Records to process -
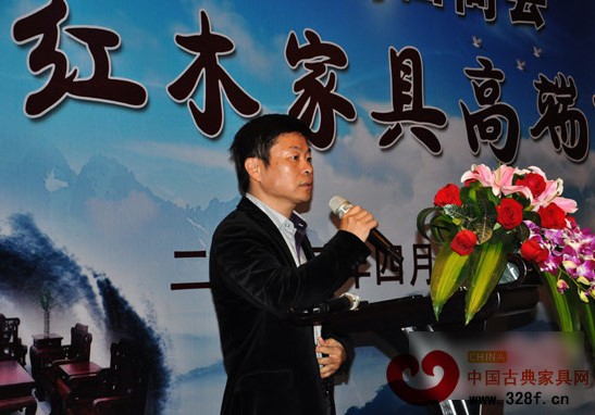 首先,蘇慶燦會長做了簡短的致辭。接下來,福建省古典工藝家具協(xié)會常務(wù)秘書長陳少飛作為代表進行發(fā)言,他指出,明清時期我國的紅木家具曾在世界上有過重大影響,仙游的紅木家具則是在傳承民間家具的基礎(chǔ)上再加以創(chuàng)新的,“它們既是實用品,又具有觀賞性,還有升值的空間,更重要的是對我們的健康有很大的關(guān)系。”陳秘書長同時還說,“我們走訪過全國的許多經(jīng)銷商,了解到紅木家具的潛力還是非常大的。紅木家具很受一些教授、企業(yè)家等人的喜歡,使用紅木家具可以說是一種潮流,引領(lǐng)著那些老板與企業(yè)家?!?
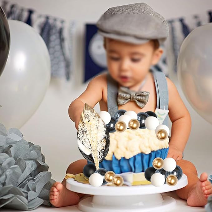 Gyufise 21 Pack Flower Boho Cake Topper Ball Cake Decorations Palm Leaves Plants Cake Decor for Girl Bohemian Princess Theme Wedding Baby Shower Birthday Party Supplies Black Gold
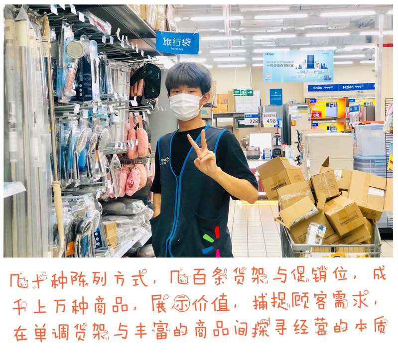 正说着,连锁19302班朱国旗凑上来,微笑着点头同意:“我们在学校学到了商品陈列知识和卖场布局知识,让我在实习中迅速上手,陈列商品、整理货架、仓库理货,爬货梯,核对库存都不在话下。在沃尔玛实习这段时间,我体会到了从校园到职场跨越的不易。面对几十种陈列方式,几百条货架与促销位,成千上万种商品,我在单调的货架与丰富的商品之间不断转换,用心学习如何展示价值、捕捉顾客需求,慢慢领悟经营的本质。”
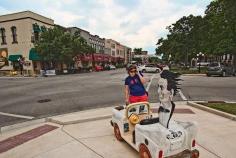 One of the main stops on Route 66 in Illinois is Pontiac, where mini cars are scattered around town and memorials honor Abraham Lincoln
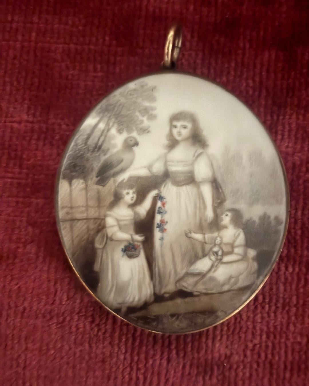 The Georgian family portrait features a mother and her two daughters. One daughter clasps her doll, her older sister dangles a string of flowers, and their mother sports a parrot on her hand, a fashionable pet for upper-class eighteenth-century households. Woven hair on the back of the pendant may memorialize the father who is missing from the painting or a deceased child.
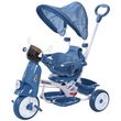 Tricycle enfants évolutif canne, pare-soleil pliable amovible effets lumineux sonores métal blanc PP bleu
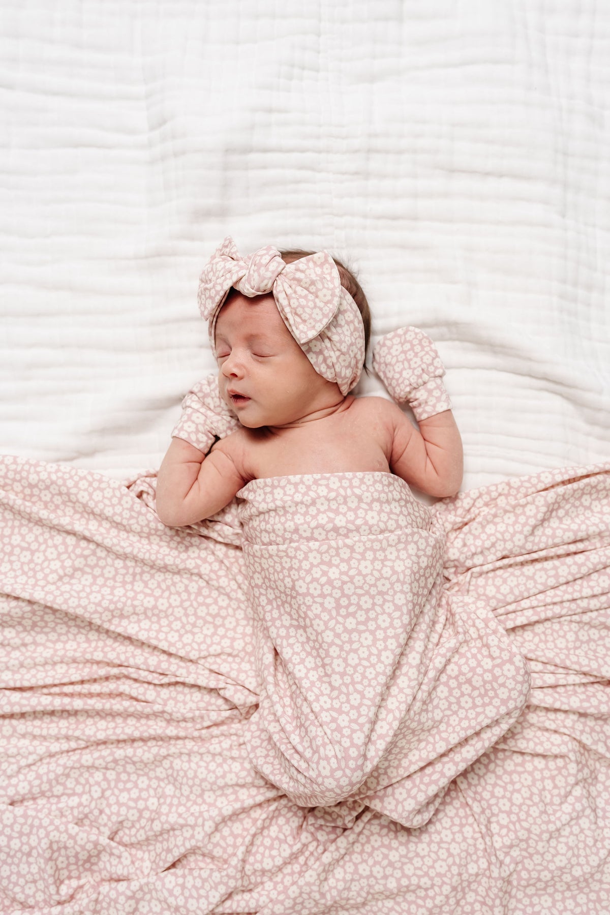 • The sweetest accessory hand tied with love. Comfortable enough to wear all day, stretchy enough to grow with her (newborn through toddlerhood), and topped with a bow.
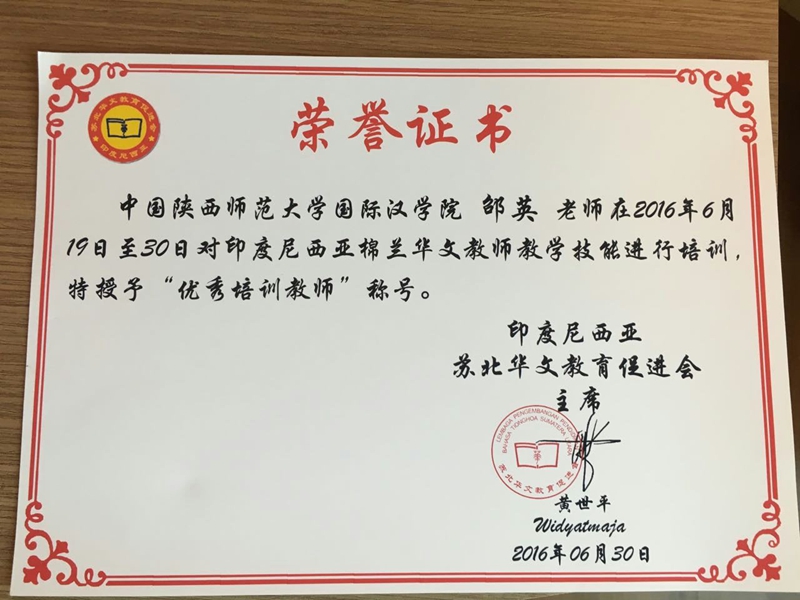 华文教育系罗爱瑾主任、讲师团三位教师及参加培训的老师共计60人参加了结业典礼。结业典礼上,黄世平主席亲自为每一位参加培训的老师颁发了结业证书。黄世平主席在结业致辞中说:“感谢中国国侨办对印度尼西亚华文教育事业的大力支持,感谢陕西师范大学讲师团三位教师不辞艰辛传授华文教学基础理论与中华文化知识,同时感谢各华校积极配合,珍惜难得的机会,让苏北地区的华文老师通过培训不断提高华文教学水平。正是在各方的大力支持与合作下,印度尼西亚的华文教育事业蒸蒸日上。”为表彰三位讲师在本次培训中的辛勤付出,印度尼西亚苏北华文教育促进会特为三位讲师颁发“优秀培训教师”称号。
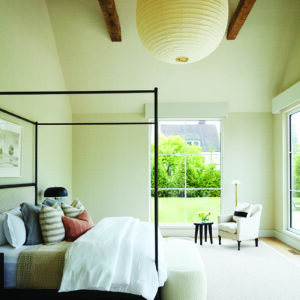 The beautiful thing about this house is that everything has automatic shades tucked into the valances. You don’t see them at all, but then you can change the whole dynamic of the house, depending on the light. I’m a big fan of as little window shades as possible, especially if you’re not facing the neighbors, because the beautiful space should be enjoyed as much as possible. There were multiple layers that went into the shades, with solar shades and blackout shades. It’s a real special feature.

Work request - Look through the material above. Transcribe exactly the lines between the ones with "with a bow." and "华文教育系罗爱瑾主任、讲师团", inclusive, and keep pictures out.

Expected output -
 • The sweetest accessory hand tied with love. Comfortable enough to wear all day, stretchy enough to grow with her (newborn through toddlerhood), and topped with a bow.
 华文教育系罗爱瑾主任、讲师团三位教师及参加培训的老师共计60人参加了结业典礼。结业典礼上,黄世平主席亲自为每一位参加培训的老师颁发了结业证书。黄世平主席在结业致辞中说:“感谢中国国侨办对印度尼西亚华文教育事业的大力支持,感谢陕西师范大学讲师团三位教师不辞艰辛传授华文教学基础理论与中华文化知识,同时感谢各华校积极配合,珍惜难得的机会,让苏北地区的华文老师通过培训不断提高华文教学水平。正是在各方的大力支持与合作下,印度尼西亚的华文教育事业蒸蒸日上。”为表彰三位讲师在本次培训中的辛勤付出,印度尼西亚苏北华文教育促进会特为三位讲师颁发“优秀培训教师”称号。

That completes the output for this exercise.